YOUR GOAL
Copy out exactly the stretch of the listing below that begins at the line containing "這是小崗村小學(xué)的孩子們奔跑在村中大路上(10月7日攝)。新華社記者 陶明 攝" and ends at the line containing "Press on. I", and copy nothing outside it.

THE DATA
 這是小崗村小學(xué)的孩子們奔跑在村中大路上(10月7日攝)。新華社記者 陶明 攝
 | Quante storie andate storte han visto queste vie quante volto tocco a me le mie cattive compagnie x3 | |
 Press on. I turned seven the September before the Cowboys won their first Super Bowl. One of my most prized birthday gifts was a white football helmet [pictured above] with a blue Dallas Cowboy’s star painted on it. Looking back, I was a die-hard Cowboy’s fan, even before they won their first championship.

...

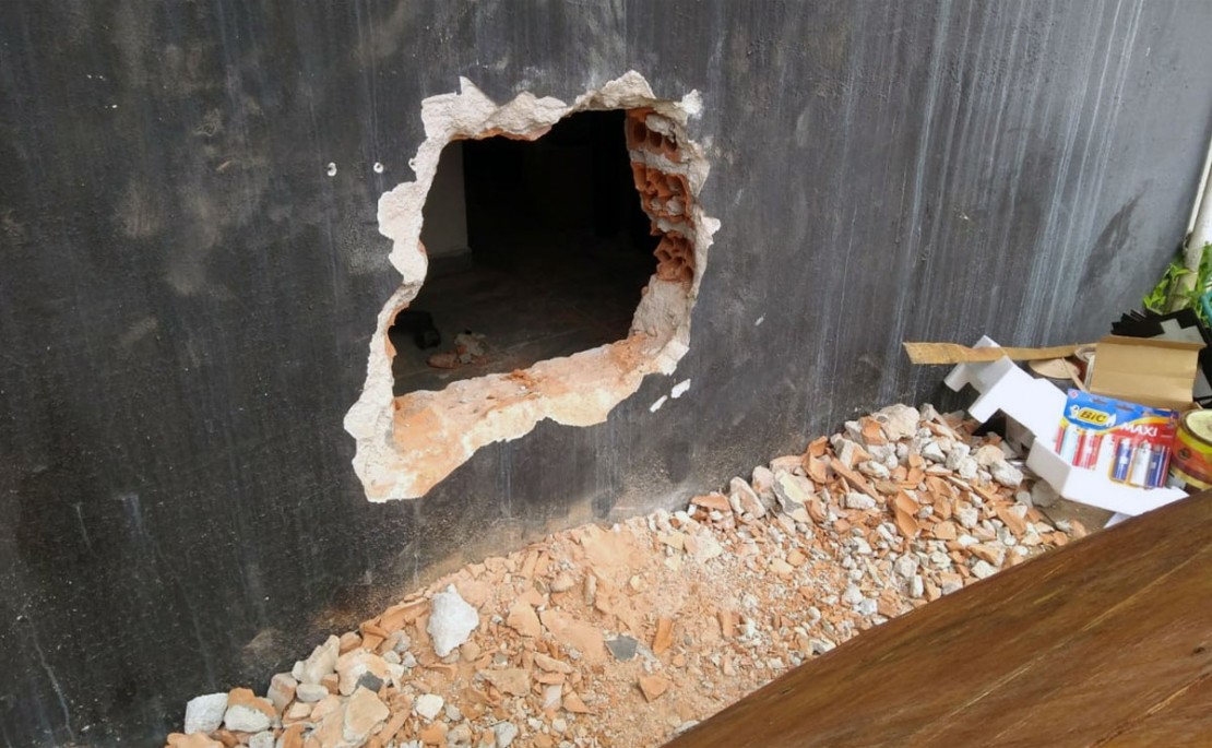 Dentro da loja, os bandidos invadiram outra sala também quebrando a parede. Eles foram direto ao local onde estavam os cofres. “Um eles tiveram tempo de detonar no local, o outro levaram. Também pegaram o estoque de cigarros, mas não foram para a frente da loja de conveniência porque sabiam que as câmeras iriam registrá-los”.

---

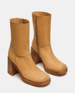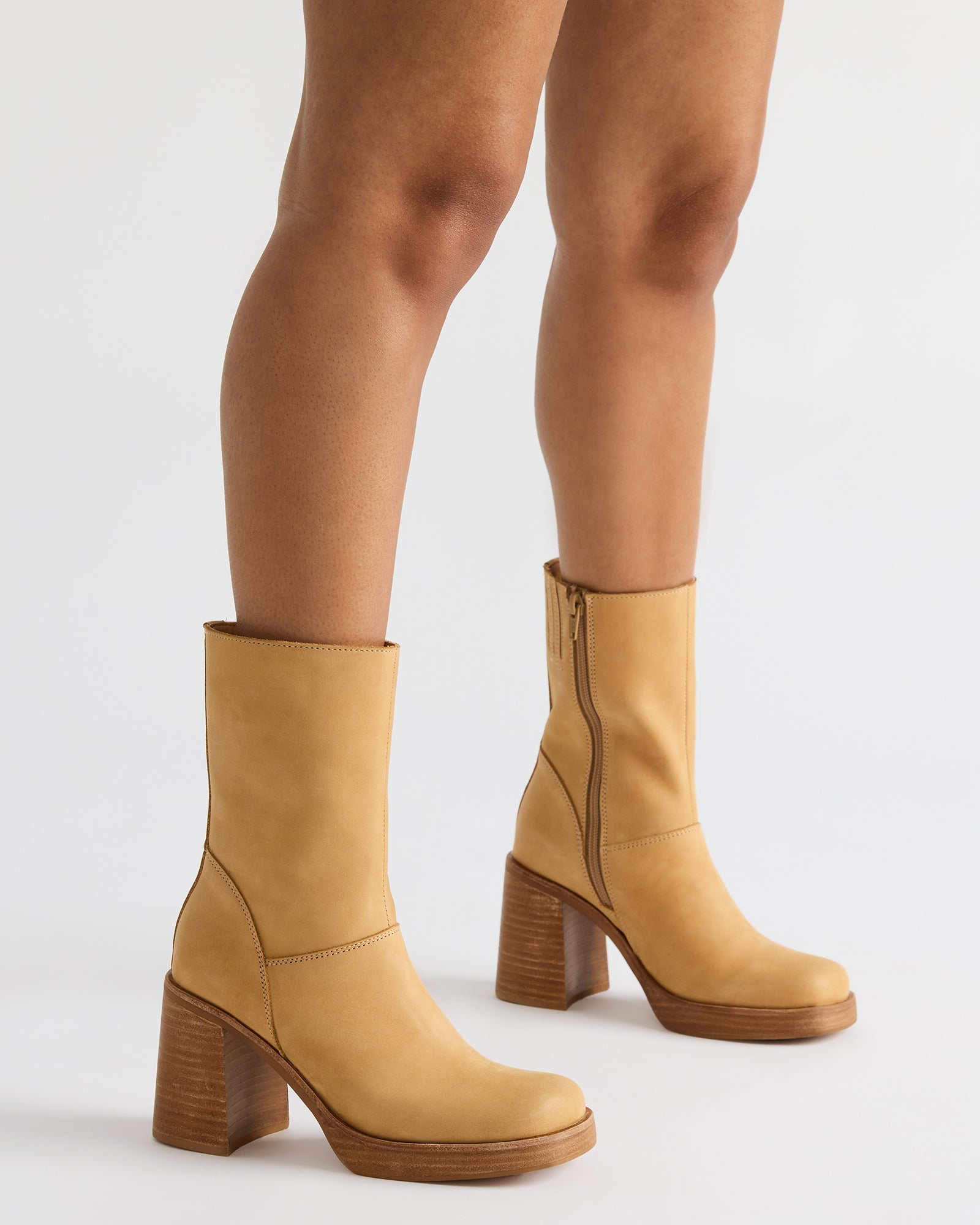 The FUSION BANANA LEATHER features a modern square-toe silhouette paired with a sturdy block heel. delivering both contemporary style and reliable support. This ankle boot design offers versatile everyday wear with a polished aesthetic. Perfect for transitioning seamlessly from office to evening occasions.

RESULT
 這是小崗村小學(xué)的孩子們奔跑在村中大路上(10月7日攝)。新華社記者 陶明 攝
 | Quante storie andate storte han visto queste vie quante volto tocco a me le mie cattive compagnie x3 | |
 Press on. I turned seven the September before the Cowboys won their first Super Bowl. One of my most prized birthday gifts was a white football helmet [pictured above] with a blue Dallas Cowboy’s star painted on it. Looking back, I was a die-hard Cowboy’s fan, even before they won their first championship.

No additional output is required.